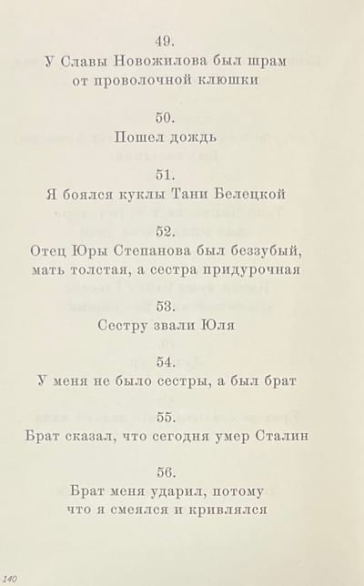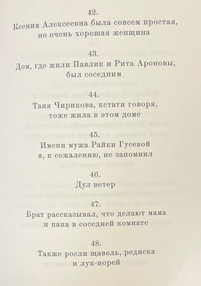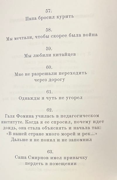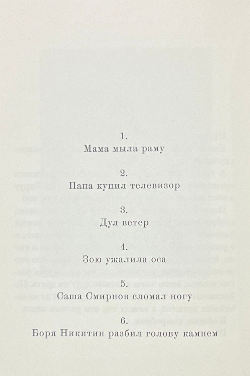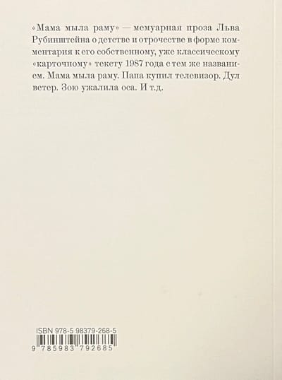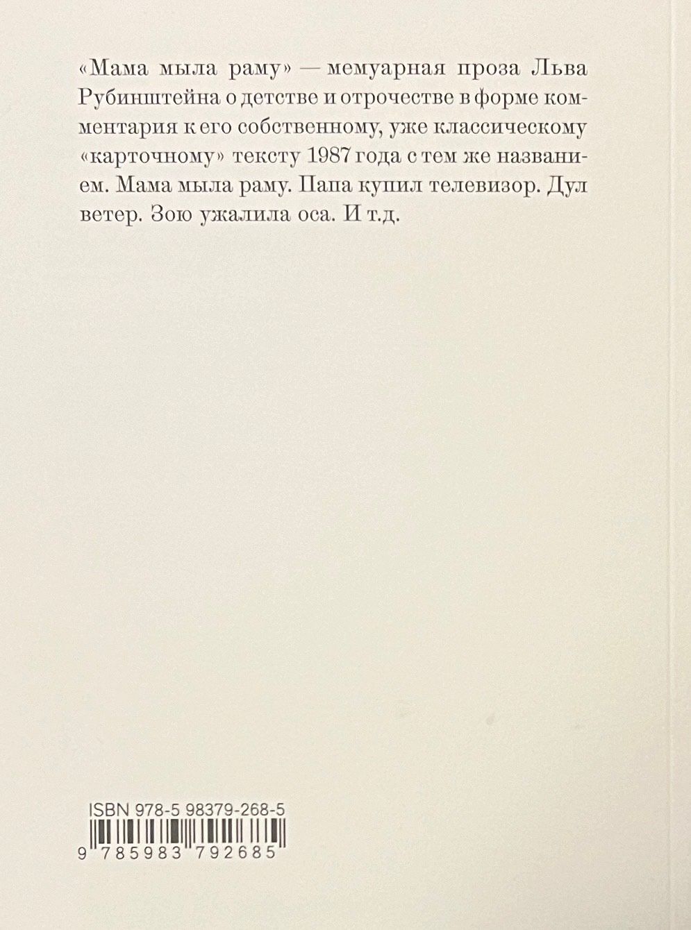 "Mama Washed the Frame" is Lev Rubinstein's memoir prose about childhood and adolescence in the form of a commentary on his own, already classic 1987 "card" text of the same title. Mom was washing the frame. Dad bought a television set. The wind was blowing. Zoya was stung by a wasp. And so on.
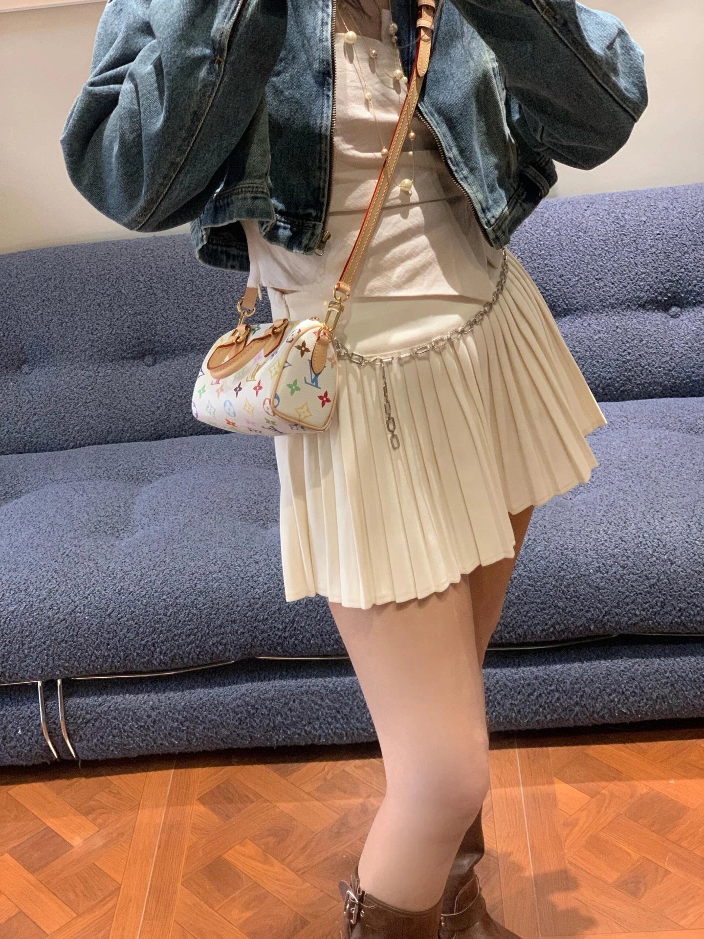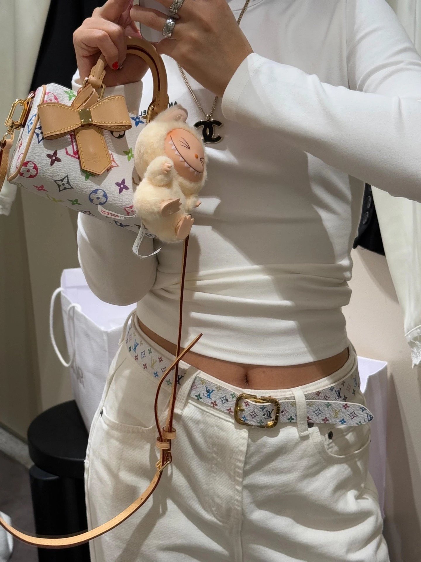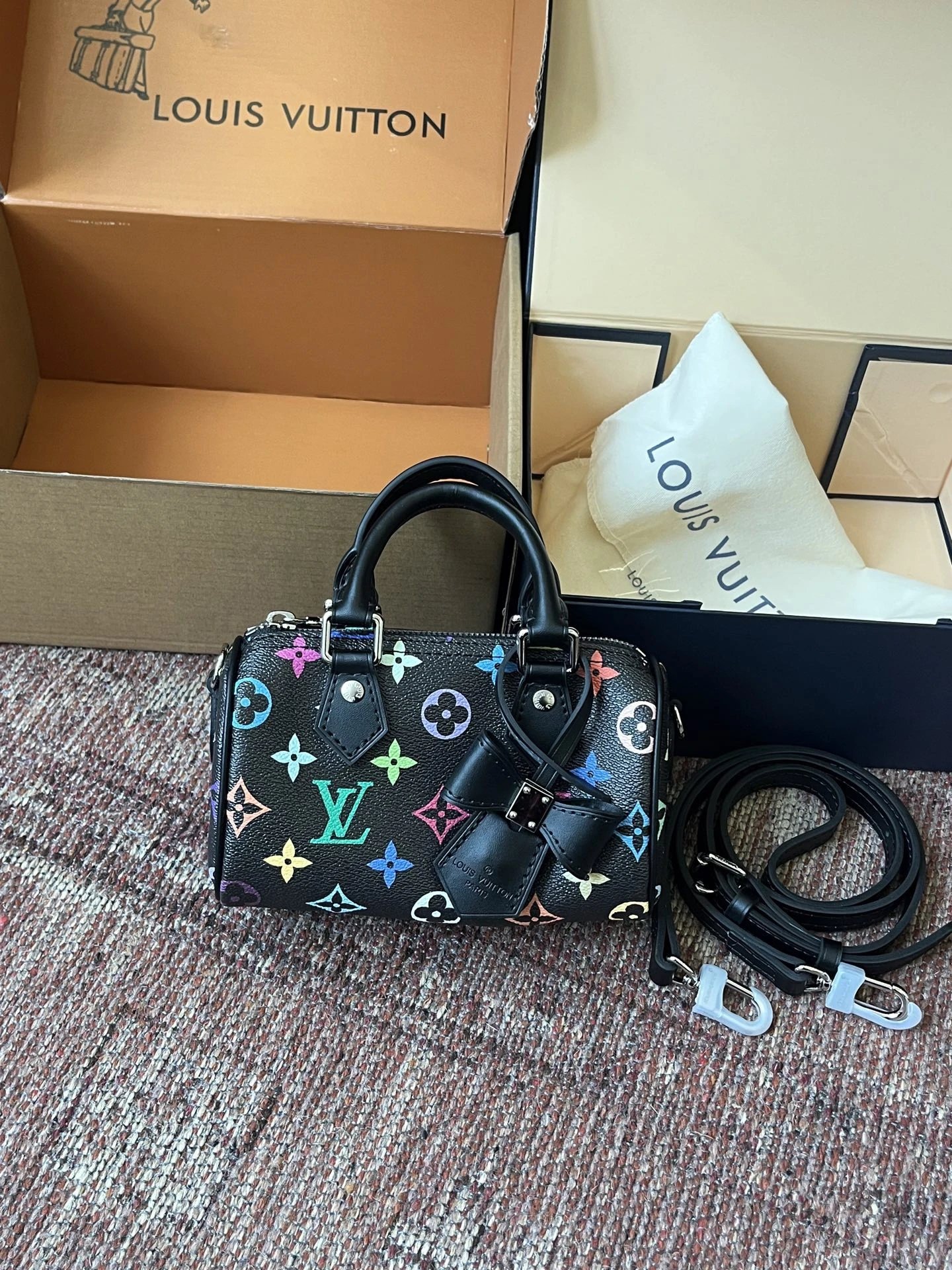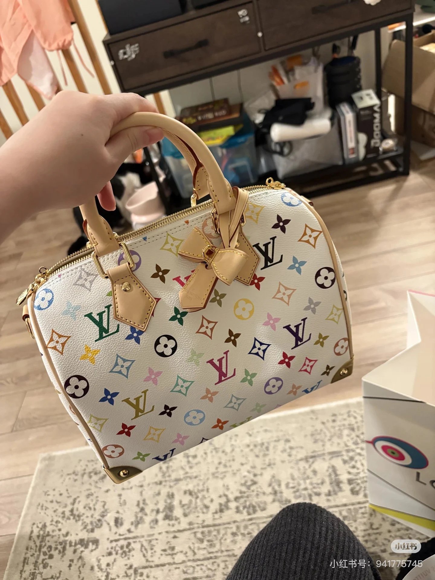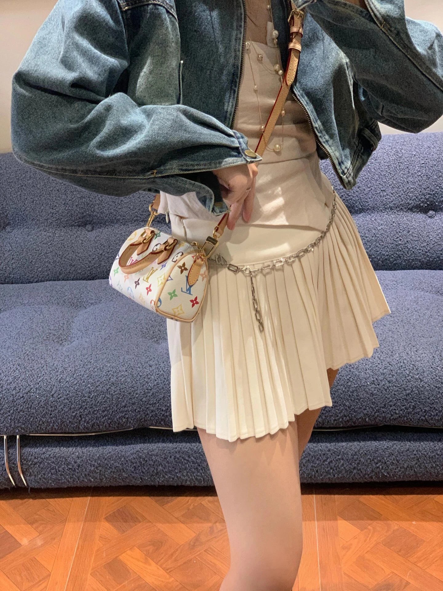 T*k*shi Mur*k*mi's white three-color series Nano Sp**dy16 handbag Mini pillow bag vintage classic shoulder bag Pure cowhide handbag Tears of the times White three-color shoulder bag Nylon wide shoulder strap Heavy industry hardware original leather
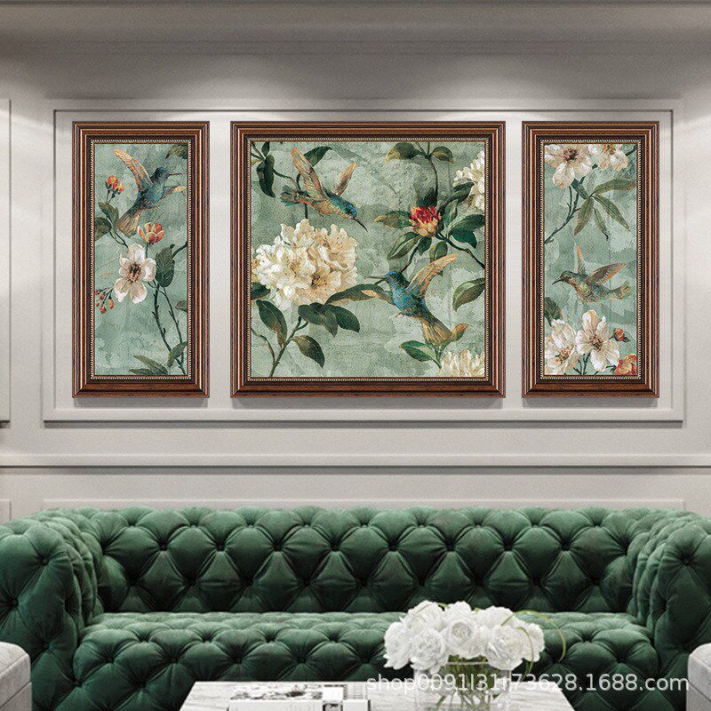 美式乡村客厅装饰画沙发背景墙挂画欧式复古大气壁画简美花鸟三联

> Task instructions
Repeat every line above exactly, minus the pictures.

> Task output
 "Mama Washed the Frame" is Lev Rubinstein's memoir prose about childhood and adolescence in the form of a commentary on his own, already classic 1987 "card" text of the same title. Mom was washing the frame. Dad bought a television set. The wind was blowing. Zoya was stung by a wasp. And so on.
 T*k*shi Mur*k*mi's white three-color series Nano Sp**dy16 handbag Mini pillow bag vintage classic shoulder bag Pure cowhide handbag Tears of the times White three-color shoulder bag Nylon wide shoulder strap Heavy industry hardware original leather
 美式乡村客厅装饰画沙发背景墙挂画欧式复古大气壁画简美花鸟三联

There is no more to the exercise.